Back at the camp-fire I felt quite sad that the festival was nearly over. As I gazed into the flames I reflected on all the great Glasto's I had been to before. With  Kim in 2005 we had stayed in the very same faithful little tent in Tom's Field that I was still using. "I'm not here all week any more mate", I said wistfully to the lad who had kept the fire going all week.  What nice people they were around that campfire.
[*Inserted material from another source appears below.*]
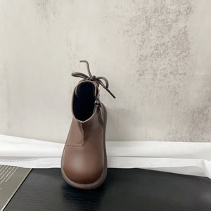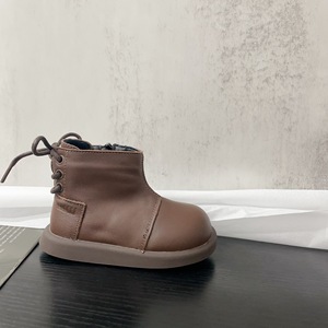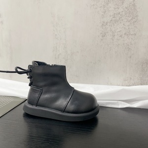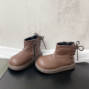小童洋气后跟绳带简约拼接款加绒短靴2025冬款新品男女童真皮短靴

                                        Next morning we had one more shift to do before we could head home. We were brilliant as usual and at the end we were drafted in to help Park and Greenfields team. We had one lucky break. The riggers were already dismantling Arcadia so we weren't allowed near that on health & safety grounds. Jeremy sent us in to clean up 'The Rabbit Hole'. This is a venue where normally people have to crawl in on their hands and knees to experience it but today we got in through a gap in the fence at the back. Inside there were lots of revellers who were still partying although it was 11.00 in the morning and the sun was blazing down. " Just ignore them, do the work and get out", advised Jeremy. It was mad in there. One person had appointed himself King of the Rabbit Hole and was wearing a crown. They obviously had no intentions of going home yet. I was glad to get out of there. It was weird.  Finally all the work was done for 2015 and we were all signed out. I walked back to camp with Rob and Alison. It was quite sad to say cheerio. I hope they come back again.
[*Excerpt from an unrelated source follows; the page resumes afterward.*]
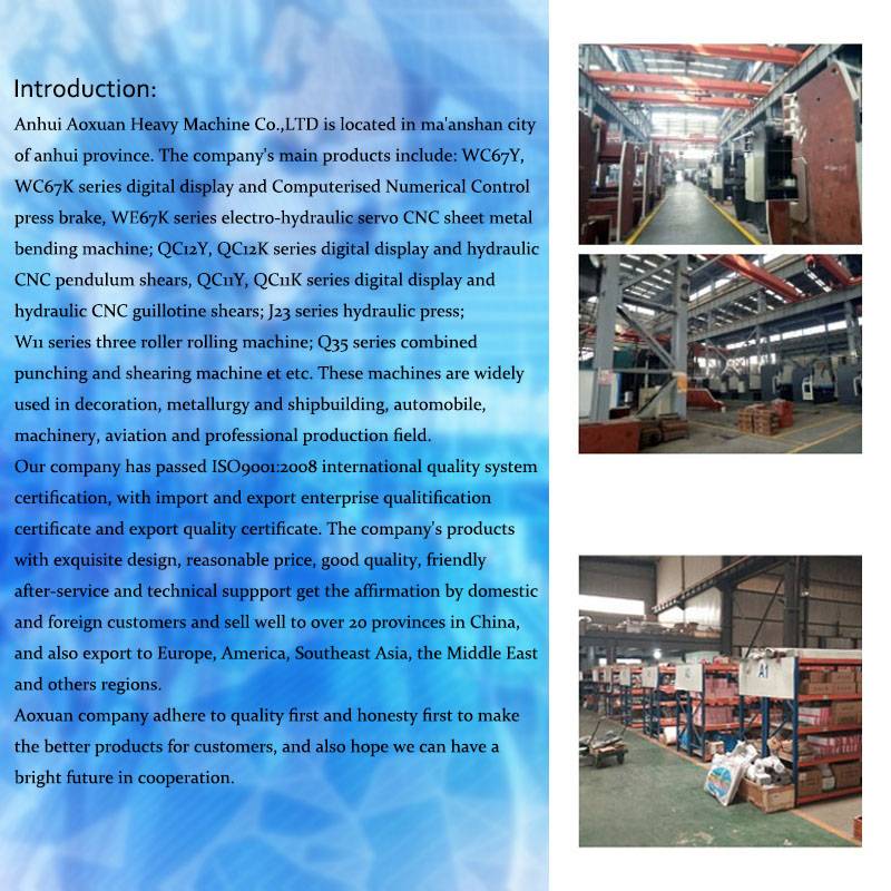 Основная конфигурация-импортная Высококачественная продукция, а профессиональная команда контроля качества продукции обеспечивает высокое качество, точность и срок службы машины. Например, Германия Bosch-Rexroth Клапанная группа, Германия Siemens главный двигатель, Schneider электрика системы и так далее. После того, как наша машина будет протестирована как квалифицированная, она будет отправлена. Поэтому качество нашей продукции является стабильным и надежным.

                                                                         Margaret and Wayne were waiting and itching to get home but I had one last thing to do before I took my tent down. I really wanted to say cheerio to Odele. I hadn't seen her since the party on Thursday night. I had just assumed that I would see her again but it hadn't happened. I ran across to where I knew her tent was, tripping over guy-ropes as I went but all I found was a sad little patch of faded grass where her tent used to be. She had already left town. Never mind, she only lives 20 miles from me so hopefully I won't have to wait another year before I see Odele again.
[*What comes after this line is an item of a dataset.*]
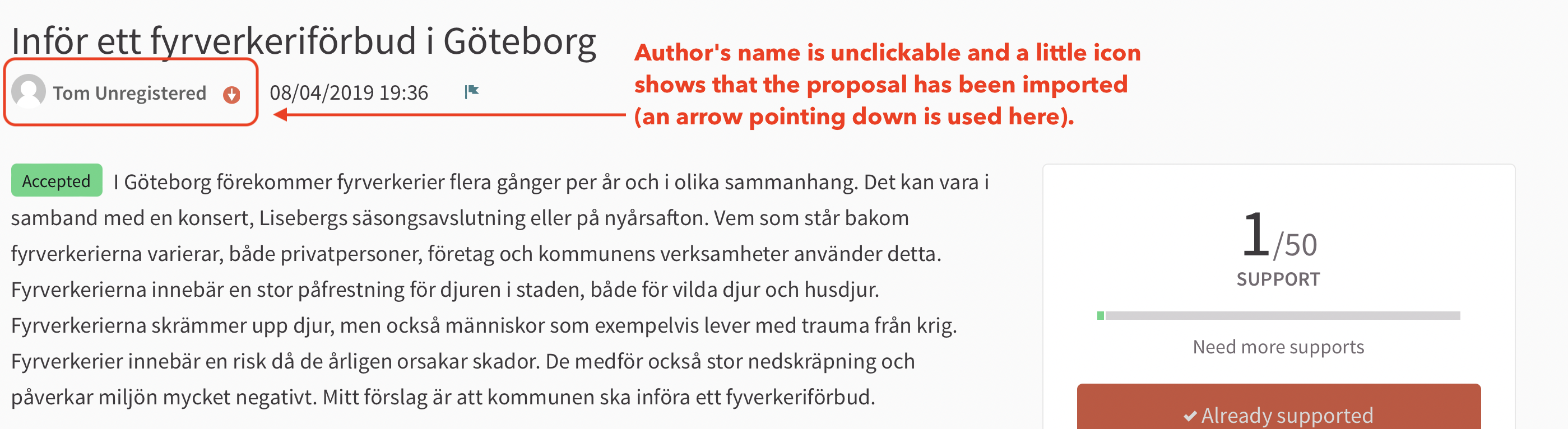 The former would then be shown everywhere as the proposal's author (on the proposal's card, proposal page, etc...). It wouldn't be clickable and a little icon could indicate that the author isn't on the platform or that the content was imported (see screenshots).

                                                                         We left Tom's Field at about 1.00 and amazingly I was turning the key in my front door in Westbury by 3.00. I had never known it so easy to get out of Glastonbury. Other years I have known it take 5 hours to get home. Meanwhile, back on Worthy Farm the real clean up was about to begin. An army of workers would move in and go over all 700 acres with a fine tooth comb. They even use huge metal detector machines to remove every piece of rubbish.It will take about 6 weeks before Daisy & Buttercup and all the other 398 dairy cows are released from the Mootel once more to munch their way across the lush pastures of Worthy Farm. I hope I am spared to return next year and as Van the Man might say, 'We'll walk down the avenue again and sing all the songs from way back when, and roam across the fields and stay out all night long and listen to the rock n roll because baby you know how it feels when the healing has begun'.
                          There is no need to say another word.
                                                             THE END.